Turning to FIGS. 2 and 3, which depict a side elevation and front sectional view along sectional line 3-3 of the ski boot 3 of FIG. 1 in accordance with an embodiment of the present invention, the extended portion 30 is receiving a rail 98. The rail 98 may be any object, manmade or natural, that is suitable for “grinding”, though typically it is a object made out of hard material (e.g., metal, wood, composite, etc.) that is solid, semi-solid, or hollow. As shown, the extended portion 30 may be attached to the lower portion 14 of the ski boot 10. In some embodiments, the extended portion 30 may be monolithic with the outer shell. Further, the extended portion may form a lip and may have a lower surface 32. The extended portion 30 and/or the lower surface 32 and the lower portion 14 of the boot 10 may define a recess 34 that suitably receives the rail 98 during “grinding” and/or other skiing techniques.

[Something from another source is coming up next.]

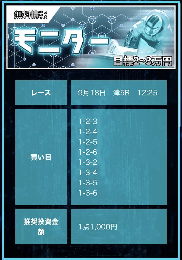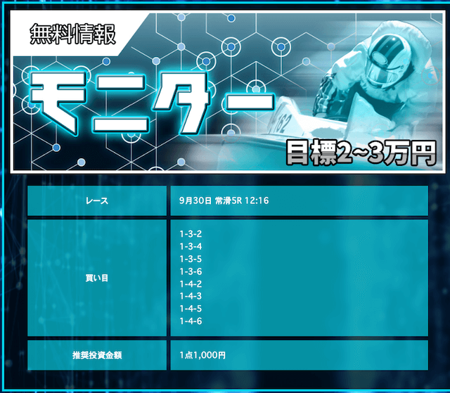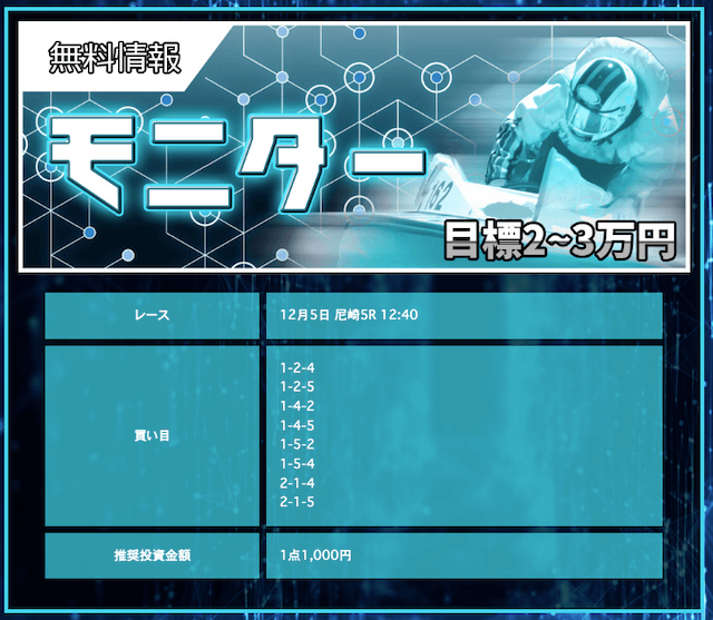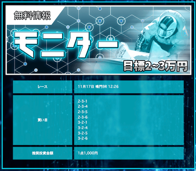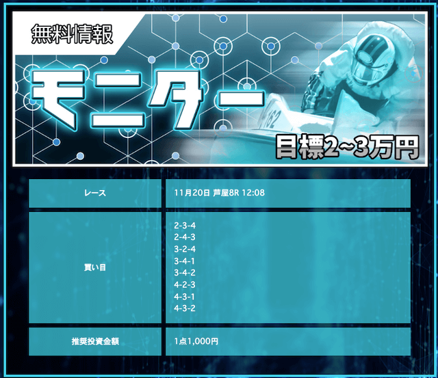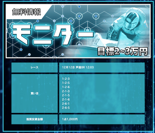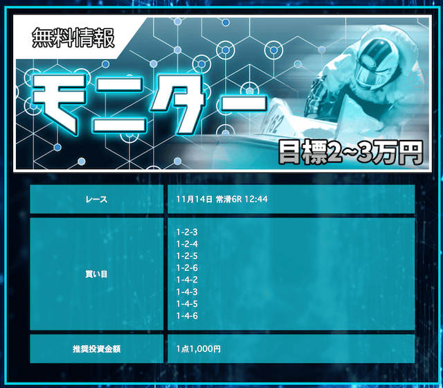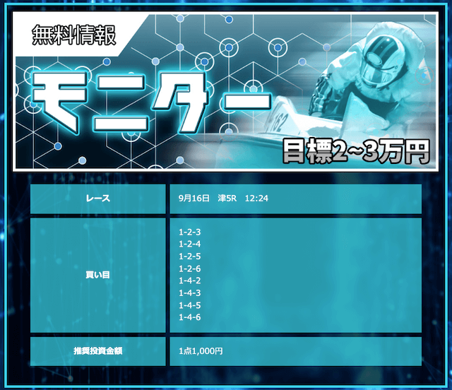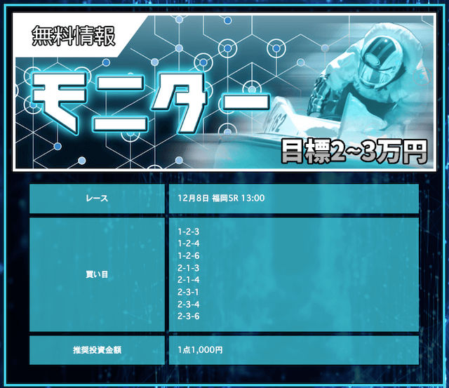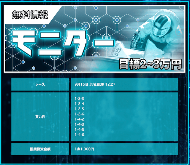 競艇戦線が参加したところ3戦負け無し!情報料金は4万円と、無料予想に1週間ほど参加すれば稼げる金額です。つまり手持ちが少なくても来週中には50万円以上を狙えるということ。リスクを抑えて大勝ちできるプランなので大注目です!

Sizes and material type(s) of the extended portion 30 may vary. For example, the distance that the extended portion 30 extends beyond the side 15 of the boot 10 may be in the range of approximately 1/2 inch to approximately 3 inches. Similarly, the extended portion 30 need not be of uniform distance. For example, the extended portion 30 may extend from the boot 10 a greater distance towards the rear of the boot 10 than the front. Further, while it may be advantageous that the extended portion 30 be of sturdy construction, it need not be of the same material as the outer shell. Similarly, the extended portion 30 may be monolithic with the lower portion 14 and/or upper portion 12 of the boot 10. The extended portion 30 may extend longitudinally along the length of the boot 10 for different distances, depending on the embodiment. For example, the extended portion 30 may extend longitudinally along a length of the boot 10 at least in a range of approximately 3 inches to substantially a length of the lower portion 14. In any event, the shape, configuration, and construct of the single, or dual extended portion 30 is such that a skier 100 (FIGS. 5A, 5B) can perform techniques, such as “grinding.”

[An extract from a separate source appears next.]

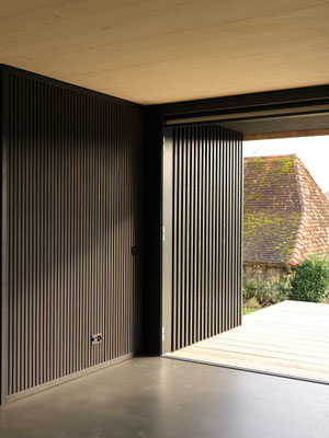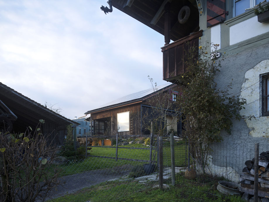 Durch die Setzung des neuen Autounterstands entsteht mit dem Schopf und dem bestehenden Stöckli eine Hofsituation, welche zum neuen Zentrum der Gebäudegruppe wird. Zudem wird ein zweiter gefasster Aussenraum durch die neue Veranda im Süden des Schopfes mit dem historischen Stöckli und dem Speicher aktiviert und schafft hohe Aufenthaltsqualität.

Turning to FIG. 4A and 4B, which depict a side elevation and bottom view, respectively, of a ski boot system 40 in accordance with an embodiment of the present invention. The system 40 may include a boot 10 such as that described herein and a ski 50 operatively attached to the boot 10. As discussed the ski 50 may be integrated with the boot 10 or removably attachable to the boot 10 with a variety of binding systems 52 on the ski 50 acting in consort with a suitable ski binding receiving system 18 on the boot 10. The ski 50 may be of any suitable length for skiing and/or doing various techniques. For example, the length of the ski 50 may be in a range of approximately 12 inches to approximately 250 cm. In any event, the ski 50 may further include a recess 54 located along a lower surface 56 of the ski 50. This recess 54, similar functionally to the extended portion 30 on the boot 10 discussed herein, allows an additional feature of “grinding” for the skier 100. Specifically, the recess 54, which may be located, for example, underneath the boot 10, is configured so as to also receive a rail 98 and to allow travel by the skier 100, in this case, transversely along the rail 98 (FIG. 6B). Similarly, the recess 54 need not be curved in its shape. Other suitable shapes, depths, and/or the like may be employed while still suitably receiving the rail 98. The recess 54 may have a cross-section shape being one selected from a group consisting of: channel-shaped, curved, angled, and box-shaped. Further, the recess 54 may be symmetrical in cross-section, asymmetrical in cross-section, and/or the like. The shape and depth of the recess 54, while suitable for “grinding” (FIG. 6B), may be such so as to also allow for “traditional” skiing position with the ski 50 (i.e., ski traveling with longitudinal length of ski 50 going down the fall line). FIGS. 5A through 5D show various suitable recesses 54 on a ski 50 of the system 40.

The foregoing description of the preferred embodiments of this invention has been presented for purposes of illustration and description. It is not intended to be exhaustive or to limit the invention to the precise form disclosed, and obviously, many modifications and variations are possible.